Signalment:  

7-year-old male Fulvous whistling duck (Dendrocygna bicolor) Marked caudal coelomic distension with a very firm mass was noted. Otherwise, the duck showed no clinical signs. A CBC revealed a heterophilic (13,710/ul) leukocytosis (21,240/ul), and on serum chemistry analysis there was marked hypoalbuminemia (0.2 g/dl) and mildly increased uric acid (10.4 mg/dl). Radiographs confirmed a large soft tissue density extending from the mid- to caudal coelomic cavity and displacing the intestines caudally. The duck was euthanized.


Gross Description:  

A 7-year-old male fulvous whistling duck was presented in fair nutritional condition with marked firm distension of the caudal coelomic cavity due to a massively and diffusely enlarged liver (21% of body weight). The capsular surface of the liver was rough, slightly irregular, and tan with several indistinct irregular white foci, predominantly on the right lobe (Fig. 3-1). On cut section, these foci corresponded to firm, coalescing 0.2 to 1 cm diameter nodules with thick white capsules around brown caseous centers which replaced approximately 95% of the parenchyma of the right lobe and were scattered in small numbers throughout the left lobe (Fig. 3-2). The remaining hepatic parenchyma was pale tan, firm and waxy. Additional very firm, multinodular, pink and tan mottled masses composed of encapsulated caseous material were present in the fascia of cervical area, dorsal to the syrinx, and attached to the serosa of several loops of intestine. The spleen and kidneys were also markedly enlarged.

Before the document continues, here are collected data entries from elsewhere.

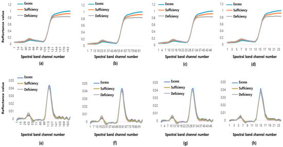 Reflectance curves (raw, 1st derivative) of the apple leaves, obtained via hyperspectral imaging based on 2 (a,e), 4 (b,f), 8 (c,g), and 16 (d,h) binning.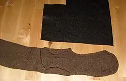 Basic material for the troll is a brown cotton men's sock. Exact measurement depends on the size of the puppeteer's hand. The end of the sock may project beyond the puppeteer's fingers, but the mouth itself should not curl with the puppeteer's hand. The cut for the mouth begins from the toe seam.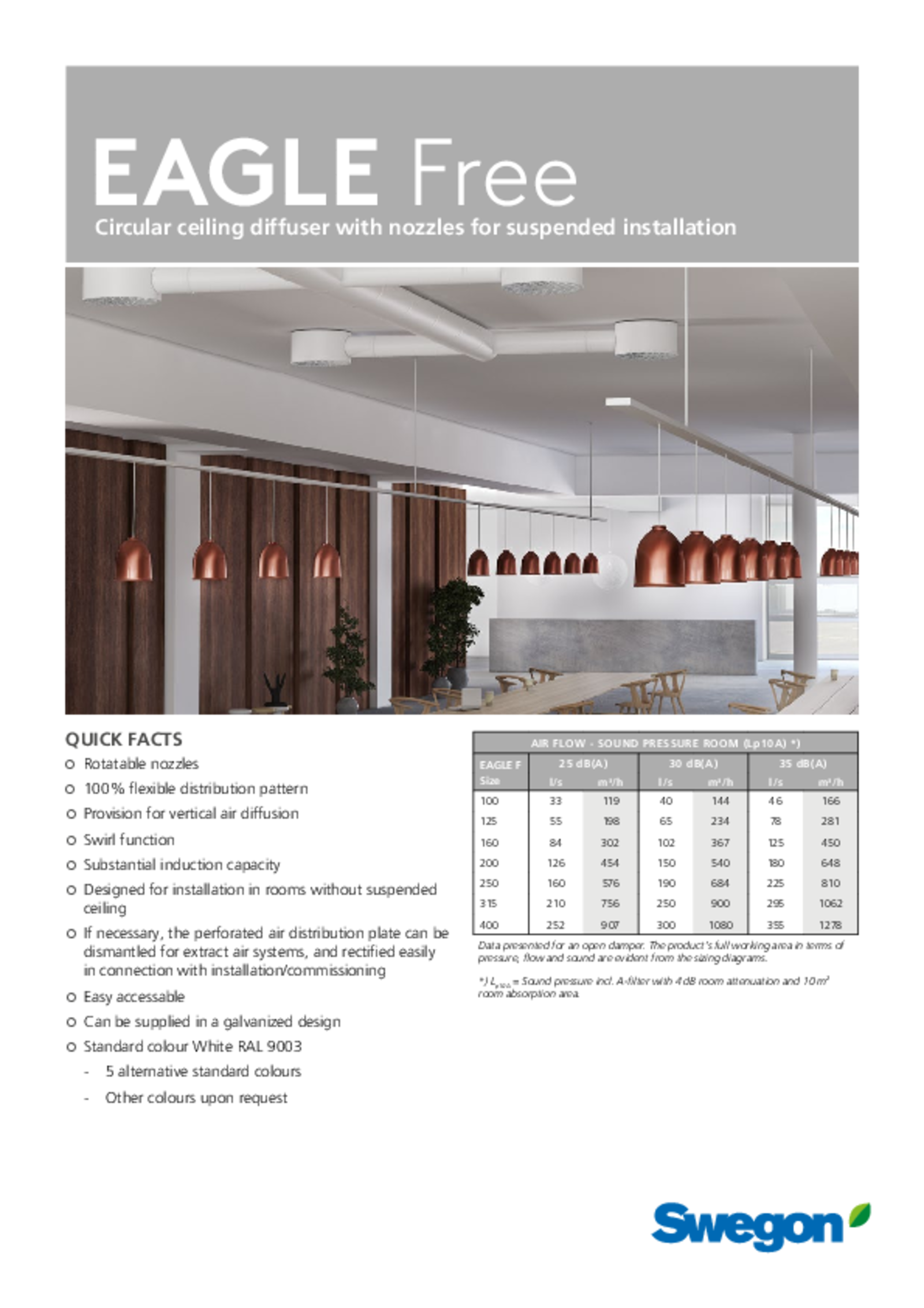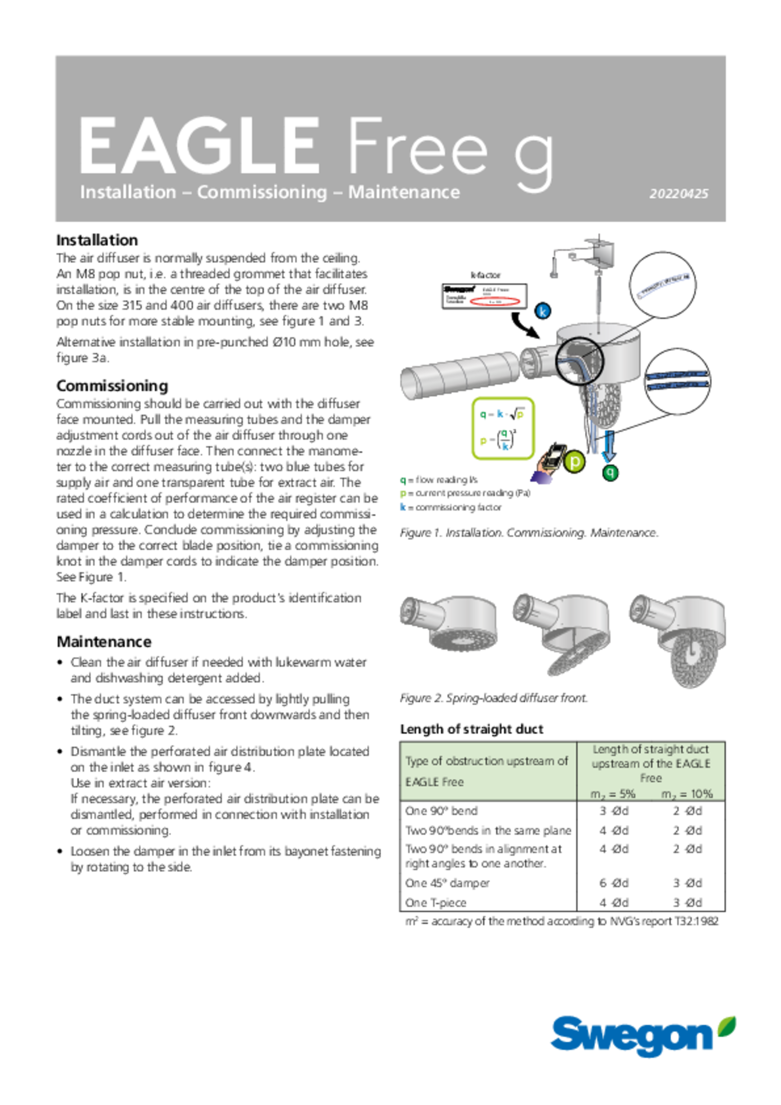 - If necessary, the perforated air distribution plate can be dismantled for extract air systems, and rectified easily in connection with installation/commissioning

Histopathologic Description:

In two sections of liver examined, the parenchyma is moderately to severely disrupted and replaced by abundant amorphous pale eosinophilic extracellular hyaline material (consistent with amyloid) and multifocal to coalescing granulomas (Fig. 3-3). Deposition of the hyaline material variably expands the space of Disse and vessel walls, separating and disrupting cords of shrunken (atrophic) hepatocytes and occluding sinusoids. In other areas, coalescing sheets of hyaline material replace large areas of the parenchyma, with only small islands of hepatocytes and hyperplastic bile ducts remaining(Figs. 3-4, 3-5). Hyaline material is also frequently present within Kupffer cells and the numerous multinucleated giant cells. The granulomas consist of a dense core of amorphous and cellular hypereosinophilic debris mixed with large numbers of wispy, amphophilic bacterial colonies surrounded by a thick rim of multinucleated giant cells and numerous fibroblasts, lymphocytes and plasma cells with fewer heterophils.


Morphologic Diagnosis:  


Liver: Severe multifocal to coalescing granulomatous hepatitis with intralesional acid-fast rod bacteria (Fig. 3-6) (Mycobacterium avium complex)
Liver: Severe amyloidosis


Lab Results:  

With Congo red staining, the suspected amyloid was diffusely dull brick red and had a variable apple green birefringence under polarized light. This staining was lost when tissues were pretreated with potassium permanganate (KMnO4). Electron microscopy confirmed that the deposits were extracellular and composed of long, haphazardly-arranged, non-branching fibrils that were on average 10 nm in diameter.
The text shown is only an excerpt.